CBC News reports that Doucette finds the images “disturbing” and she is angry that pro-life activists are using them to illustrate what happens to a fetus during an abortion. She claims she has had hundreds of complaints from her constituents and now wants to sponsor a bylaw to ban the pictures in the city.

“These are big blown up images. There’s blood, there’s gore, there’s a lot of things there which should not be in people’s faces on their local street,” Doucette told CBC News.

The graphic photos are courtesy of Calgary’s Canadian Centre for Bio-Ethical Reform (CCBR), an anti-abortion think tank and education organization that calls itself “the pro-life resistance” in a country where abortion is rarely questioned by politicians.

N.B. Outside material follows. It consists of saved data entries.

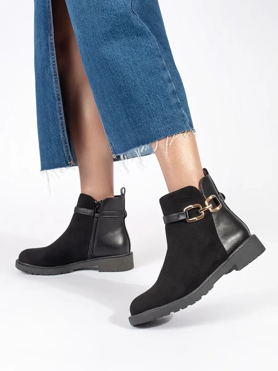 Nice women's black ankle boots on a wide heel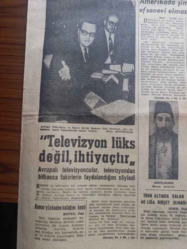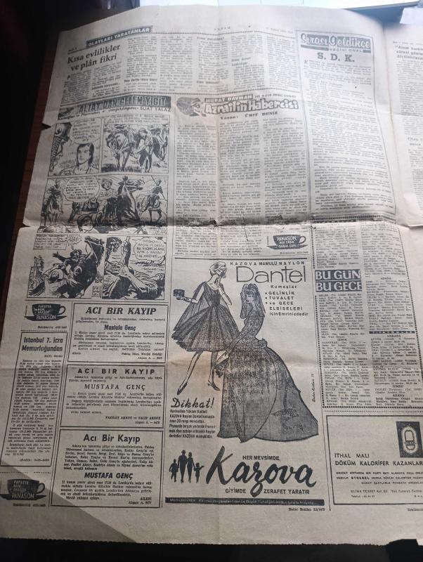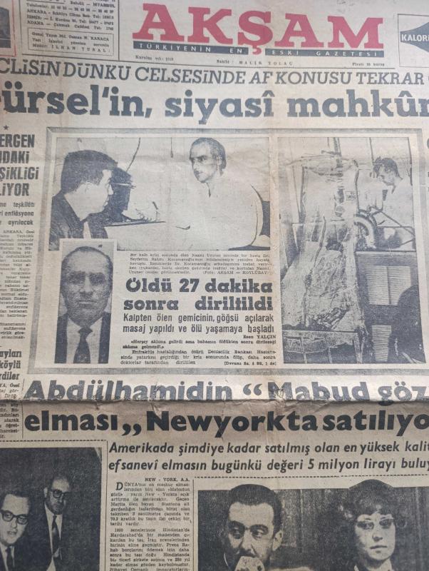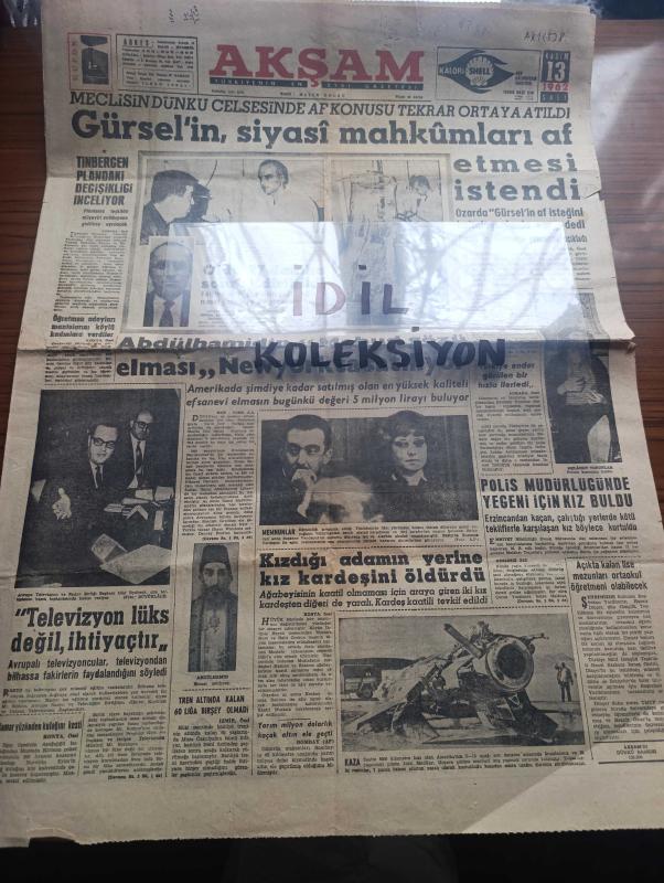 Akşam Gazetesi - Turkish Newspaper - 13 Kasım 1962 - meclisin dünkü celsesinde af konusu tekrar ortaya atıldı - Cemal Gürsel'in siyasi mahkumları affetmesi istendi - Hollandalı profesör Tinbergen değişikliği inceliyor - Abdülhamit'in Mabud Gözü elması New York'ta satılıyor - Thalidomide ilacı yüzünden kolsuz dünyaya gelen çocuğu öldürmekten sanık olarak yargılanan Belçikalı anne Suzanne Vandeput Fotoğrafı - televizyon lüks değil ihtiyaçtır - açıkta kalan lise mezunları ortaokul öğretmeni olabilecek - altay'dan gelen yiğit yazan ve çizen Suat Yalaz - Murat Davman'ın son macerası azrail'in habercisi yazan Ümit Deniz yazı dizisi - Kazova giyim - Hindistan Amerika'da uçak istedi - Doğu için özel jandarma yetiştiriliyor - Duman çetesinden bir şaki tutuldu - Fenerbahçe bu gece Levsky ile karşılaşıyor - Süreyya milli takım kadrosundan çıkarıldı - basketbol milli takımı belli oldu - toto'da 13 ve 12 bilen yok - akşamın Spor Toto tahmin tablosu - Türk futbol federasyonu müşaviri Doğan Koloğlu adlı eser, Kitap > Süreli Yayınlar > Gazeteler > Türkiye > Genel > Günlük kategorisinde İkinci El olarak satıştadır.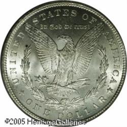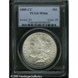 <B>1885-CC<img border='0' src='http://www.heritagecoins.com/images/star.gif' width=10 height=10>$1 MS66 PCGS.</B></I> An untoned representative of this important and widely collected Carson City dollar. The low mintage is certainly a pull for dollar collectors, and coupled with its widespread availability in mint condition, the 1885-CC is a very appealing issue for collectors. This is a brilliant coin with the usual superb mint frost. Sharply struck, there are no detracting blemishes on this high grade example. Lot:10202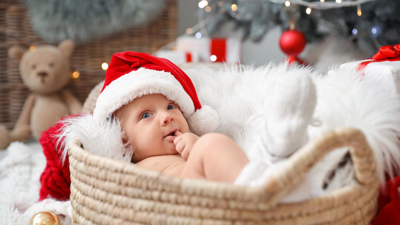 Wallpaper Cute baby in a Santa Claus hat lies in a basket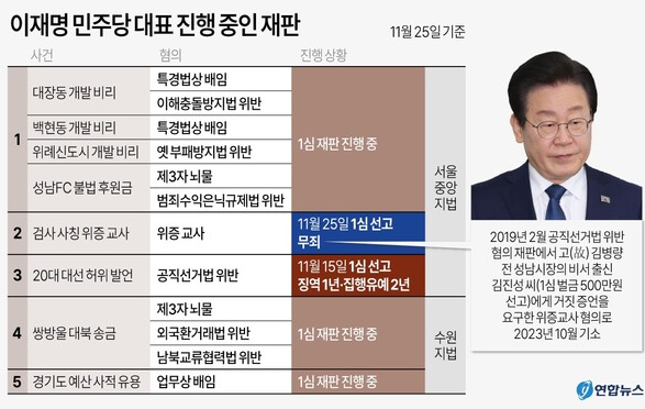 이재명 더불어민주당 대표는 2024년 11월 15일 위증교사 혐의 1심에서 무죄를 선고받았습니다. 그는 선고 직후, 진실과 정의를 되찾아준 재판부에 감사드린다고 전했으며, 공직선거법 위반 혐의 1심에서는 이재명대표에게 징역형 집행유예를 선고하였습니다.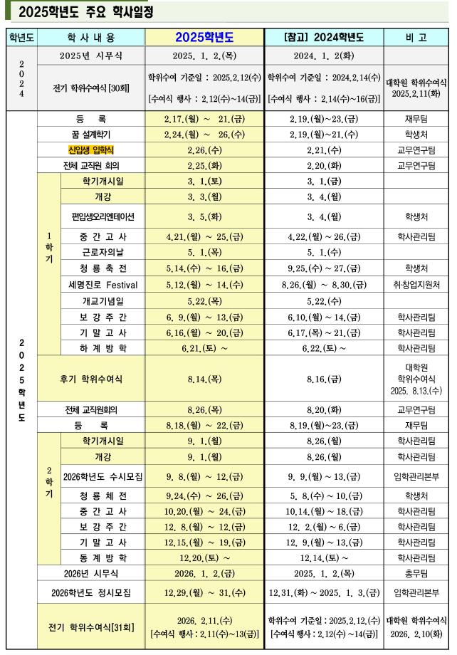 본문 시작 홈으로 학과생활 학과소개 교수소개 교과과정 학과생활 홈페이지가이드 사진게시판 공지사항 사진게시판 전공자료실 동아리 학과행사 사진게시판 페이스북 트위터 프린트 [교무처] 2025학년도 학사일정 산업디자인학과 873 2025-07-14 목록 이전[취창업처] 2025년 알쓸신잡 07월 1주차 다음 [취창업처] 2025년 알쓸신잡 07월 3주차 담당부서 : 산업디자인학과 담당자 : - 연락처 : 043-649-1436 최종수정일 : 2024-10-26 만족도조사 만족도 조사 이 페이지에서 제공하는 정보에 대하여 만족하시나요? 매우만족 만족 보통 불만족 매우불만족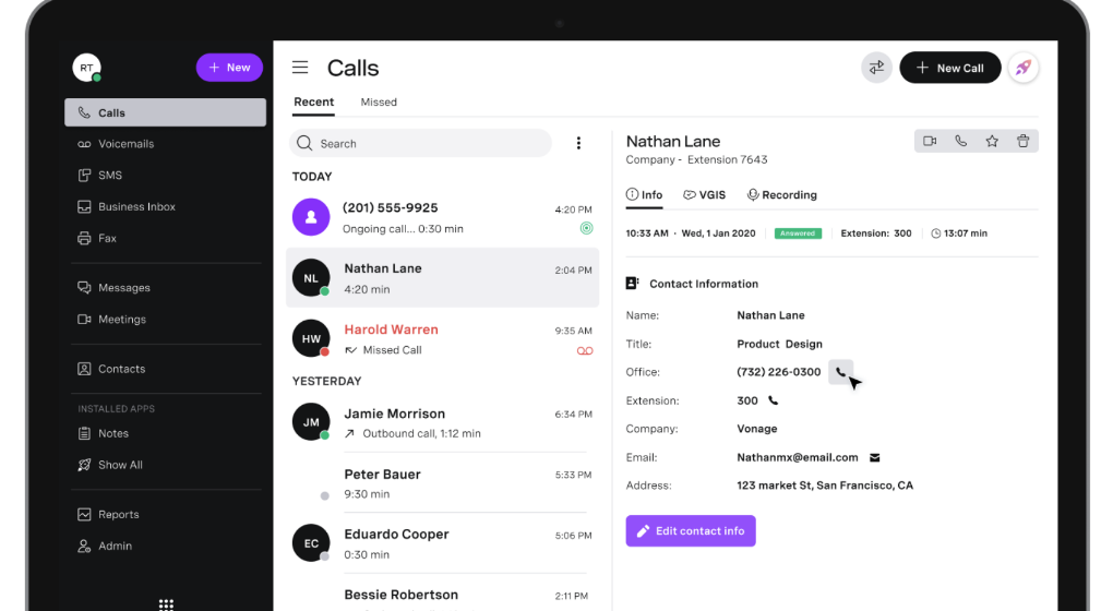 가격: 최대 100명으로 구성된 팀을 위한 Vonage의 통합 커뮤니케이션 서비스는 월 $14.99/회선부터 시작됩니다. 대규모 팀에 대한 견적을 받으려면 영업팀에 문의해야 합니다.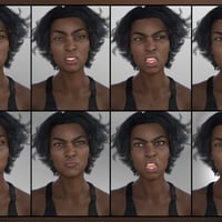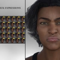 Choose the best face for each situation and express what you want, "The Strong Woman" contains 40 Expressions for Monique 8 divided into categories: Angry, Flirty, Happy, Pain and Serious.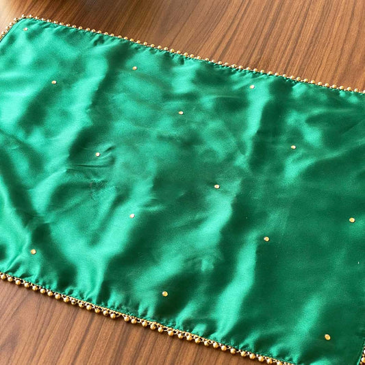 Green Rectangular Placement Mats With Golden Bead Border - Customize Om/Ek Onkar Logo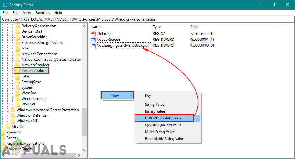 - Create a new value named NoChangingStartMenuBackground by clicking anywhere on the right pane and choosing New > DWORD (32-bit) Value. If it already exists under the key, then skip to the next step.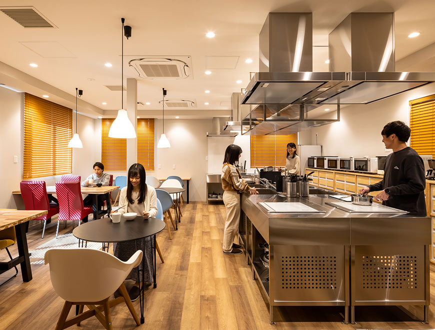 学生寮や社員寮で培った「食」へのノウハウが、シェアハウスのキッチン運営にも活かされています。清潔で使いやすいキッチン環境は、プロの運営があってこそ実現できるものです。

Since the Supreme Court of Canada struck own Canada’s abortion law in 1988, the country as been without any legislation restricting abortion; abortion on demand even during the last trimester is the legal reality.

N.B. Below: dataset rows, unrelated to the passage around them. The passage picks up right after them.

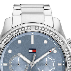 Zegarek damski Tommy Hilfiger, model 1782569, to wyraz elegancji i nowoczesnej mody, które doskonale odzwierciedlają ducha marki. Okrągła koperta o średnicy 41 mm, wykonana ze stali szlachetnej, podkreśla jego trwałość i klasę. Jasna tarcza zdobiona cyrkoniami w połączeniu z srebrnymi i niebieskimi elementami bransolety tworzy harmonijną całość, idealnie wpisującą się w modowy styl Fashion. Mineralne szkło dodaje zegarkowi odporności na zarysowania, co podkreśla jego użytkową wartość. Tommy Hilfiger z tym modelem 1782569 potwierdza swoje zaangażowanie w kreowanie akcesoriów, które są nie tylko praktyczne, ale i estetycznie zjawiskowe.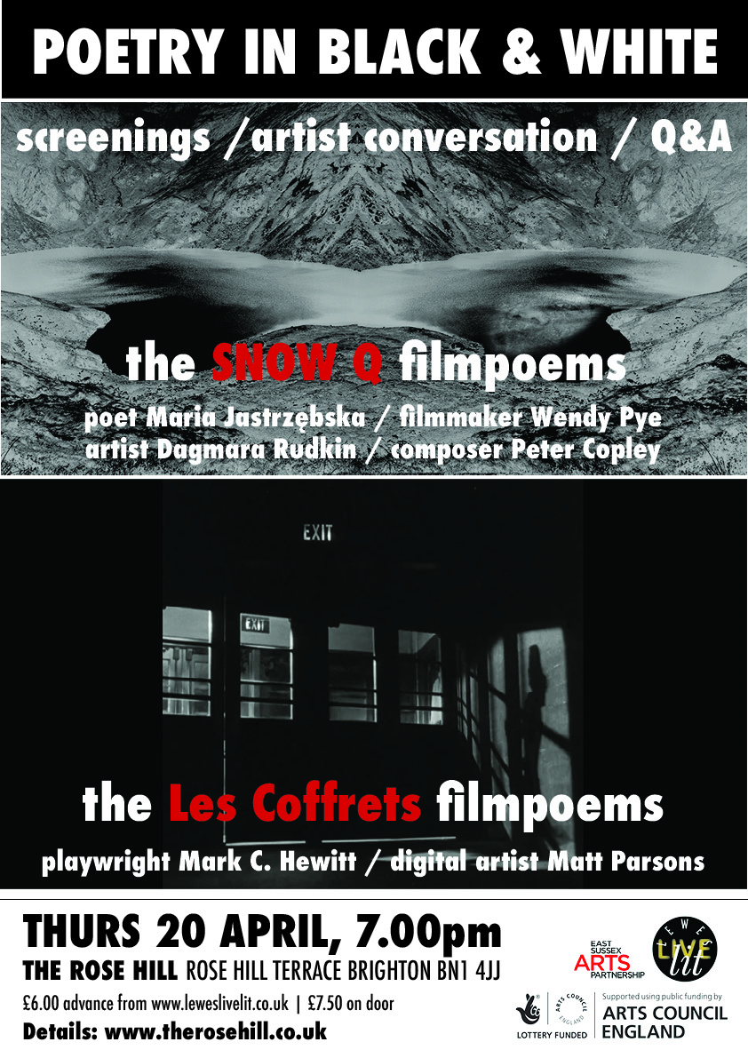 Thurs 20 April, The Rose Hill, Brighton: poet Maria Jastrzębska and filmmaker Wendy Pye showed and discussed the three Snow Q filmpoems alongside a screening of three video pieces by Mark C. Hewitt & Matt Parsons.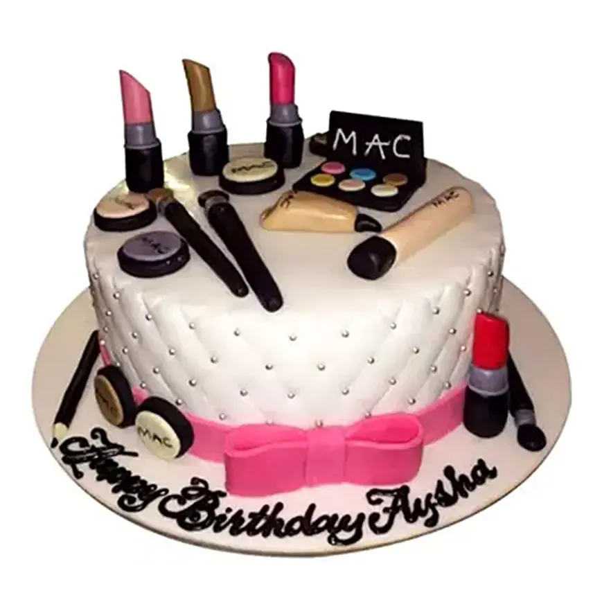 • The fashionista sister, girlfriend, or wife who uses nothing except MAC when it come sot make-up elements would find solace in this mesmerizing cake. Blusher, lipstick, eye shadows, etc. are all prepared with excellence and are adding a glamor quotient to this cake.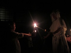 楽しい時間は過ぎ、いよいよ最後のセレモニー「送別の火」となりました。中央のトーチのろうそくはとても短くなっています。再び体育館の電気が消え、みんなを見守っていた火の神が再登場。代表の子が「元気の火」「責任の火」「友情の火」「希望の火」「夢の火」の5つをいただき、同時に誓いの言葉を述べました。この野外活動で得た友情を、これからも大切にしてくださいね。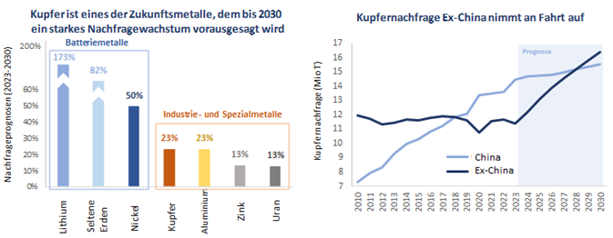 Höhere Nachfrage – Es wird prognostiziert, dass die Kupfernachfrage bis 2030 um 23 % steigen wird, angetrieben durch die Energiewende und eine breitere industrielle Nutzung. Vor allem die Kupfernachfrage außerhalb Chinas wird sich voraussichtlich beschleunigen.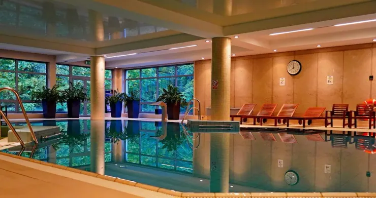 Luxury hotel with spa services, two indoor swimming pools, and a restaurant in Polanica-Zdrój, just minutes from local parks.

Prime Minister Justin Trudeau’s Liberal government has even made abortion services a focus of its foreign aid program.

Members of the CCBR are standing on some of Toronto’s busiest intersections with the photo-bearing signs, as well as distributing literature.

The pamphlets are also being sent by direct mail to houses in the city and a group of Toronto council members are trying to stop that too by asking the Ontario attorney general to issue a court injunction. The council members are also in solidarity with Doucette’s campaign to censor the placards on the street.

Doucette says the police have informed complainants that the CCBR is well within the law to display the pictures and protest abortion.

“We’re not saying that these [protesters] cannot be on our street handing out flyers, we’re not saying that,” Doucette told CBC. “But there’s a difference when you hand someone a flyer, because then they have a choice whether to take it or not.”